Using logarithmic differentiate technique, find dy/dx
y = [(x-3)³(x²+1) / (2x+5)³] raised to the power of 1/5
I don't know how to type this. It is the 5th root of all those.
You have
y = [(x-3)³(x²+1) / (2x+5)³]1/5
so
ln y = (1/5)ln([(x-3)³(x²+1) / (2x+5)³] =
(1/5){ln([(x-3)³(x²+1)) - ln(2x+5)³}=
(1/5){3ln(x-3) + ln(x²+1) - 3ln(2x+5)}
Now find dy/dx and exponentiate your result to get the final result.
I hope I read your superscripts right, they're a little small for me.
To find dy/dx using logarithmic differentiation, follow these steps:
Step 1: Take the natural logarithm of both sides of the equation.

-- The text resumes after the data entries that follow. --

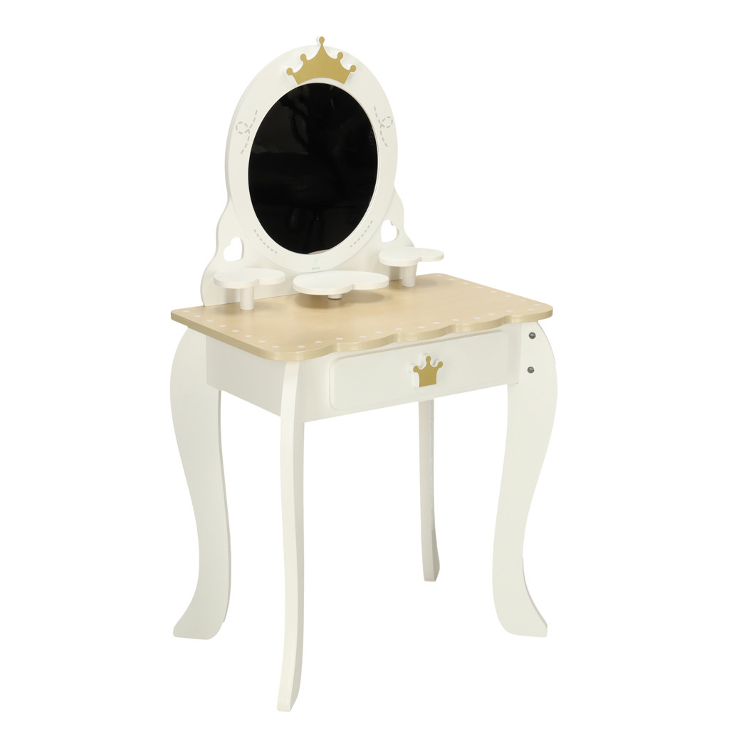 Az öltözőasztal és tartozékai teljes egészében fából készültek, amelyet simára csiszoltak és nem mérgező festékkel festettek. A fehér és arany színösszeállítás minimalistává teszi a készletet, amely tökéletes dekoráció egy gyerekszobába.
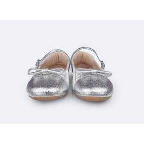 Inspirado na sapatilha de ballet, o sapato feminino vem com o bico levemente quadrado, super sofisticado! Sapato infantil em material tecnológico texturizado quadriculado prata, com biqueira em sintético e lacinho, inovadora e moderna! Sapatilha infantil forrada com tecido que auxilia na absorção do suor, espuma no calcanhar e palmilha anatômica. Sapatilha feminina com solado emborrachado mais fino com um leve salto, sendo leve, flexível e antiderrapante. Sapatilha infantil com fechamento em fivela sem pino antioxidante, que facilita o calce para a mamãe e da ainda mais charme ao look! Sapatilha com marcação em braile no solado para indicar os lados direito e esquerdo.
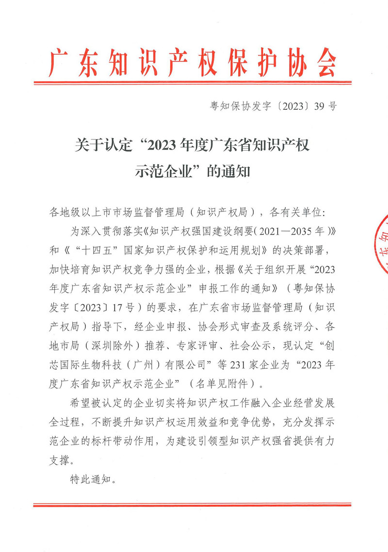 近日,廣東知識產權保護協會公布了2023年度廣東省知識產權示范企業認定結果。此次評選工作經企業申報、協會形式審查、系統評分及所在地市局推薦,并由評審專家組結合總體評定規模、地區平衡等因素進行綜合評審,公司憑借完善的知識產權管理體系、先進的技術創新能力和突出的綜合競爭優勢,被成功評定為“2023年度廣東省知識產權示范企業”。

ln y = (1/5){3ln(x-3) + ln(x²+1) - 3ln(2x+5)}
Step 2: Use the properties of logarithms to simplify the expression.
ln y = (1/5){ln[(x-3)³(x²+1)] - ln(2x+5)³}
Step 3: Apply the power rule of logarithms to expand the expression inside the parentheses.
ln y = (1/5){ln[(x-3)³] + ln(x²+1) - ln[(2x+5)³]}
Step 4: Apply the power rule and product rule to simplify further.

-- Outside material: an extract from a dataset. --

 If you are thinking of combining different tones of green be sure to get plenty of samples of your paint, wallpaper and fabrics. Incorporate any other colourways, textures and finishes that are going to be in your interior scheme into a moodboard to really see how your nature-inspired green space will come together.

ln y = (1/5){3ln(x-3) + ln(x²+1) - 3[ln(2x+5)]}
Step 5: Differentiate both sides of the equation with respect to x.
1/y * (dy/dx) = (1/5){(3/(x-3)) + (2x/(x²+1)) - 3(2/(2x+5))}
Step 6: Multiply both sides by y to isolate (dy/dx).
dy/dx = y * (1/5){(3/(x-3)) + (2x/(x²+1)) - 3(2/(2x+5))}
Step 7: Substitute y back into the expression.
dy/dx = [(x-3)³(x²+1) / (2x+5)³]^(1/5) * (1/5){(3/(x-3)) + (2x/(x²+1)) - 3(2/(2x+5))}
That is the expression for dy/dx using the logarithmic differentiation technique.